Нечеловеческая ее поза, гибкий излом в поясе и вызывали вокруг разговоры.
Все это нисколько не занимало Федьку. Ей было все равно, что оцепенели конечности и саднит шею там, где упирался обруч. И что в гортани с правой стороны воткнута как будто игла. И что свербит искусанное клопами тело. Все это не имело никакого отдельного значения по сравнению с подавляющим несчастьем, которое ощущала Федька.
Она открыла глаза, но вряд ли бодрствовала, как раньше вряд ли спала. То, что представлялось ей прежде мерно текущим журчанием, обрело отчетливость речи, однако она не проникала в смысл витавших бесцельно слов.

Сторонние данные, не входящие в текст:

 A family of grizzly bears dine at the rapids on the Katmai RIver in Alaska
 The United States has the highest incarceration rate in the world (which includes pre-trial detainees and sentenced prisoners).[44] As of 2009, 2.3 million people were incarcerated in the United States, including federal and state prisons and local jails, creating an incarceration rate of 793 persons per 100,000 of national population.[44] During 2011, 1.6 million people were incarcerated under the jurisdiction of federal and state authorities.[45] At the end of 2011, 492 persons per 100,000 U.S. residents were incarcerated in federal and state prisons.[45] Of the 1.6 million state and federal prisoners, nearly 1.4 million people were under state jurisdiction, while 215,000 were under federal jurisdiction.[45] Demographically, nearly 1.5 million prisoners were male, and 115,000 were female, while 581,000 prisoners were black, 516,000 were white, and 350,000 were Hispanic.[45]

– Я хочу есть, – проговорила Федька негромко, и ни к кому не обращаясь, в пустоту.
– Купи, если деньги есть, – послышался ответ.

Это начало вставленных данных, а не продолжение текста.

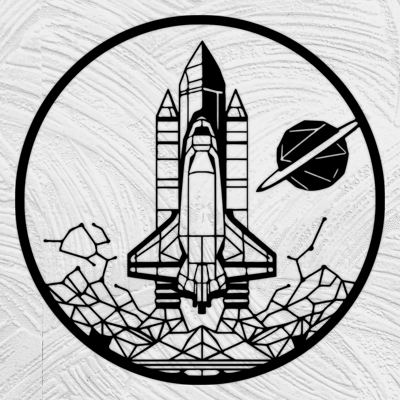 Mô hình tàu vũ trụ nghệ thuật đường nét hình học, dày 2mm, phù hợp để treo hoặc đặt trên giá. Kích thước tối thiểu 20cm để đảm bảo chi tiết.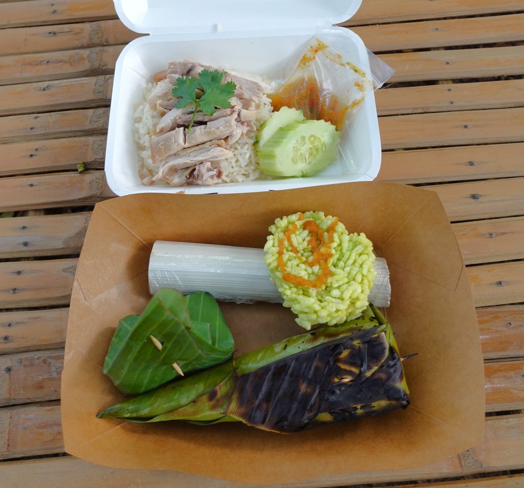 パック詰めの料理も山積み状態、その中でカオマンガイを選んだ。ローカル色豊かなもち米系も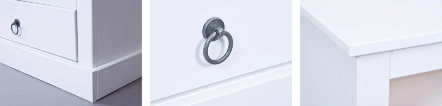 Modernes TV-Lowboard im Landhausstil. Mit den zwei Schubladen und dem großzügigen offenen Fach bietet sich genügend Platz zum Verstauen Ihrer Receiver, DVD-Player, Spielekonsolen oder Utensilien. Die Griffe aus Metall erzeugen ein stimmiges Gesamtbild.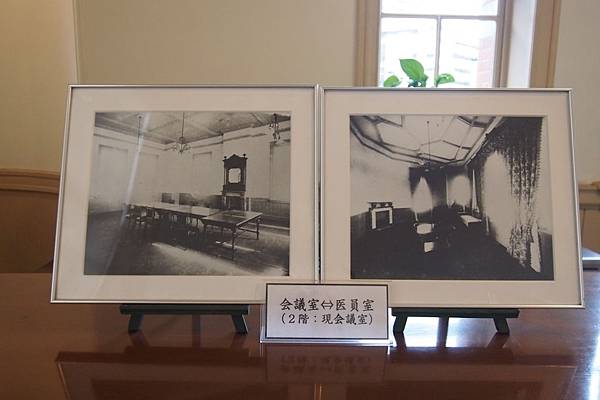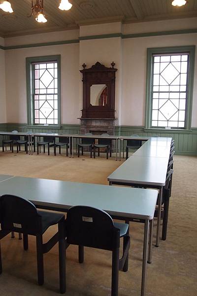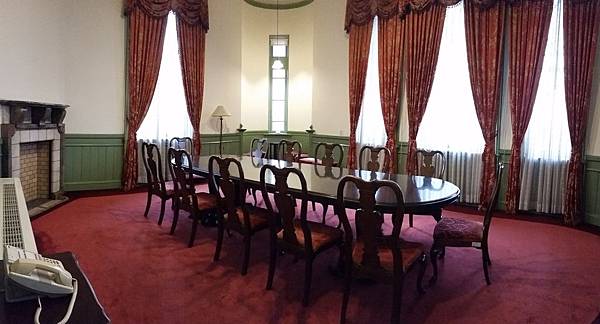 比一號會議小約半的二號會議室採用圓形桌子(圓桌會議XDD??);最特別的是那三組充滿幾何特色的窗櫺。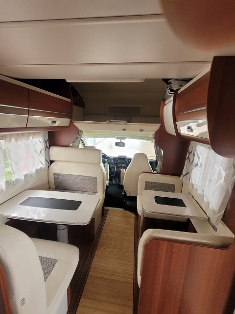 Accessori: Pannello solare 120W, forno, frigorifero grande doppia porta con congelatore, televisore, telecamera posteriore, condizionatore cellula Dometic 1700, generatore di corente Dometic Tec29 benzina, sospensioni ad aria, porta ingresso con zanzariera, portabici Fiamma, tendalino da 4 metri, luce esterna, ecc....omologato 5 posti viaggio. Sempre rimessato al coperto.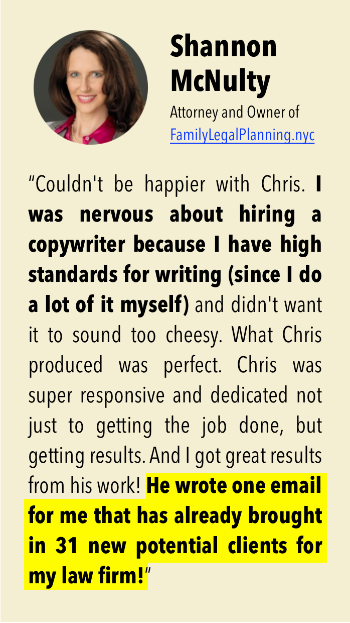 "Chris wrote one email for me that has already brought in 31 new potential clients for my law firm."

– Деньги есть, – признала она равнодушно.
– Ну так, с голоду не подохнешь.
– Именно, – тем же бесцветным голосом подтвердила она, не оглянувшись.
Кто был тот человек, что не поленился ей отвечать, Федька не знала и не повернулась узнать.
Вокруг нее было пусто.
Необычайно пусто, как это бывает, когда что-то случилось и все туда, где случилось и где тебя нет, ушли. Пробуждаясь все больше, Федька вынуждена была включаться в теремные интересы, в которых не было для нее никакого смысла.

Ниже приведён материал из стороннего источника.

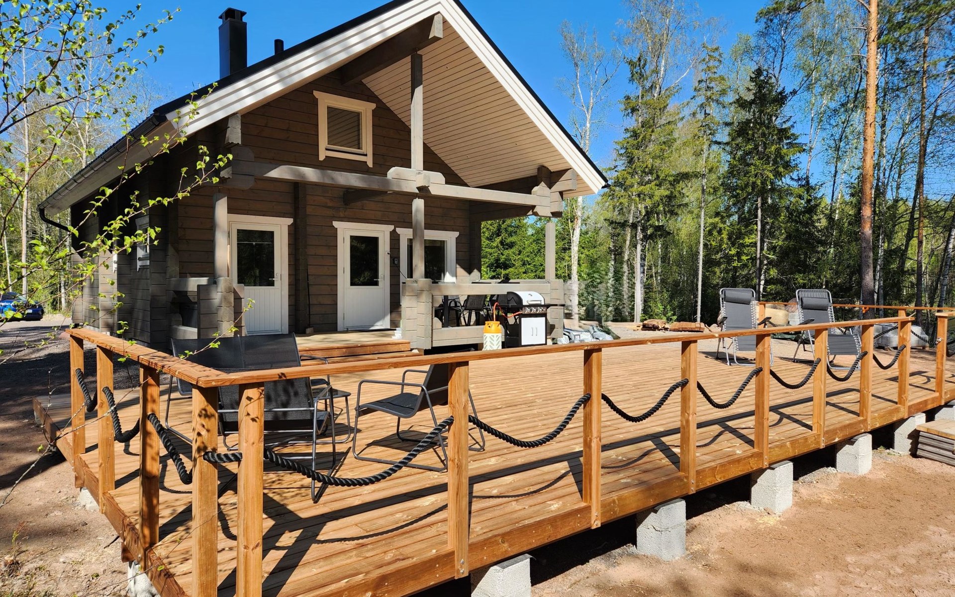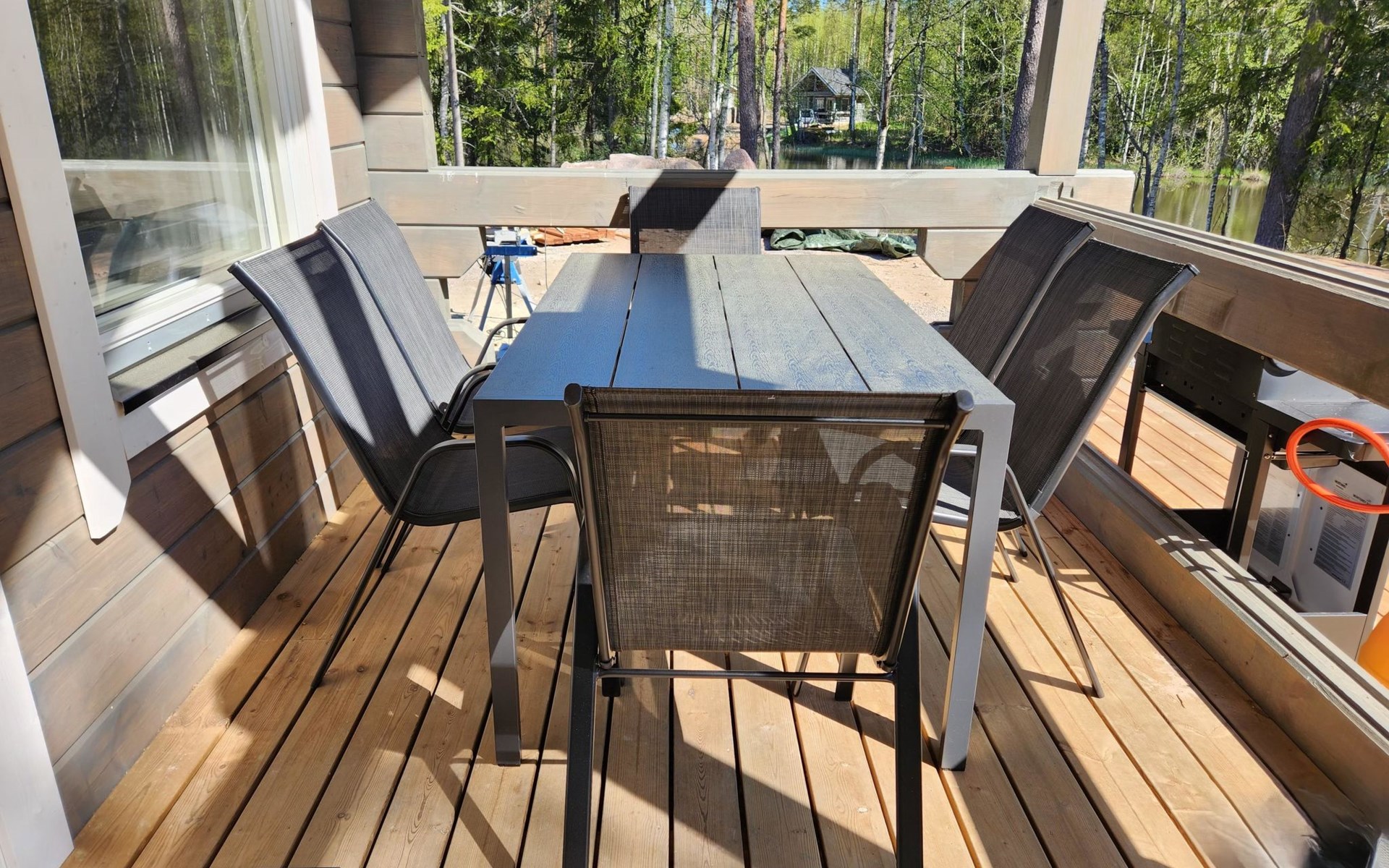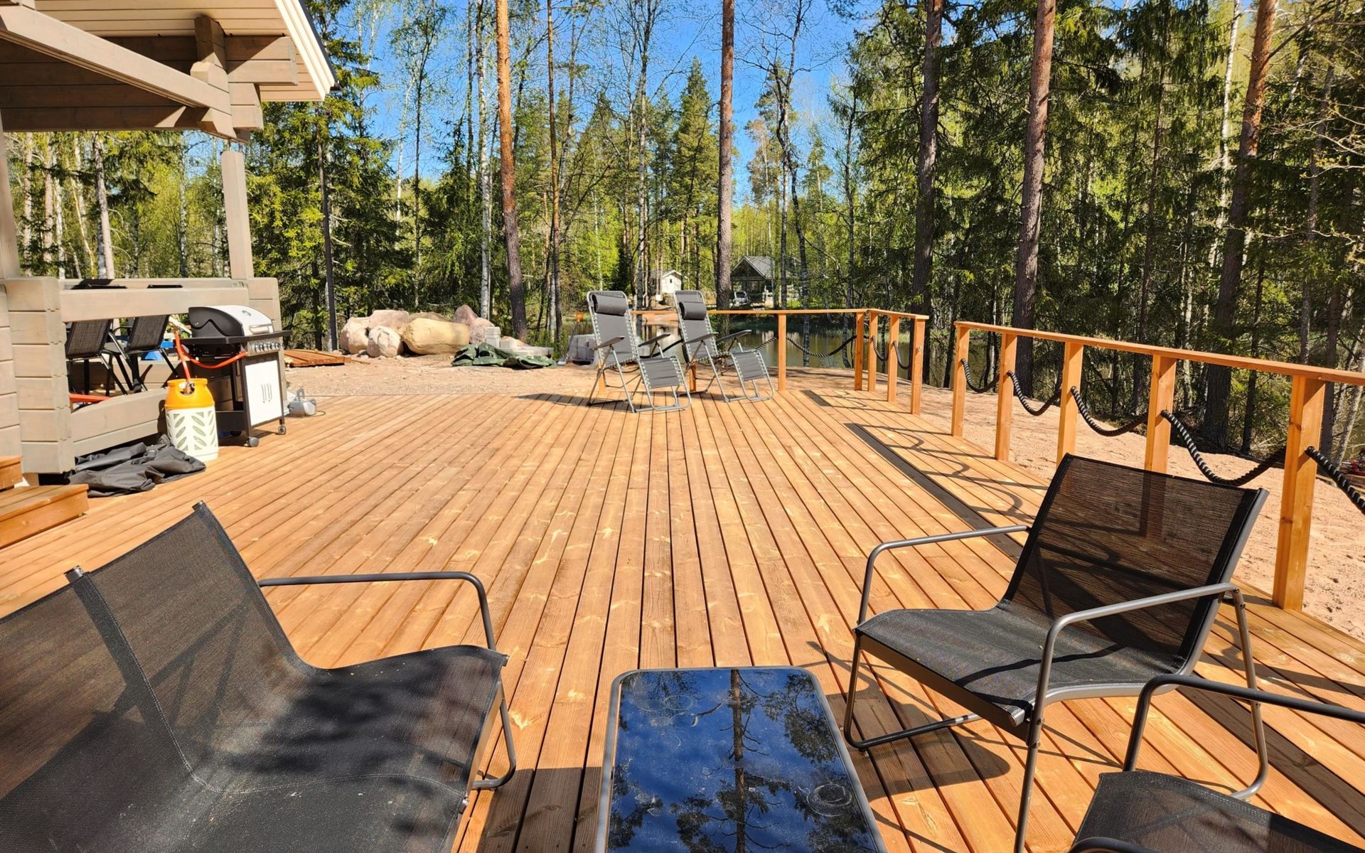 The terrace features a gas grill, perfect for preparing meals such as post-sauna snacks. You can also take a refreshing dip in the Kymi River. The swimming area has a soft, gently deepening bottom, and you can access the water from the dock. A public beach on the opposite side of the river is accessible by boat (approx. 600 m) or car (3–4 km).

Происходило что-то у нее за спиной.
Кроме прикованных цепью к стене близнецов-кандальников, кроме обросшего овечьей шкурой голого человека, да исхудалого мужичка с лихорадочной бледностью в лице, который, болезненно поджавшись, прикорнул на охапке соломы, – кроме этих немощных, народ весь, кто только стоять мог, подался к окнам. Просвета не оставалось – всё косматые затылки и серые спины. Кому не пришлось пролезть вперед, вскарабкался на скамью и навалился на стоявших, опираясь на плечи, тянулся на цыпочки, заглядывал через головы в скважины окон.
Слышно было: водка. Бочка или две. Это первое, что разобрала Федька. Нестройный гул, который создавали сотни людей – разговорами, переходами, натужным выкриком, перекличкой, – этот гул рождался за стенами тюрьмы, а сюда доносились отголоски, здесь повторяли, пересмеивали, переиначивали. Пробуя свое жестяное нутро, ударил и смолк барабан, ему, спохватившись, вторили другие барабаны – дальше и ближе по площади. Разрозненный и как бы предварительный, но уже грозный бой подсказывал, что происходит нечто значительное.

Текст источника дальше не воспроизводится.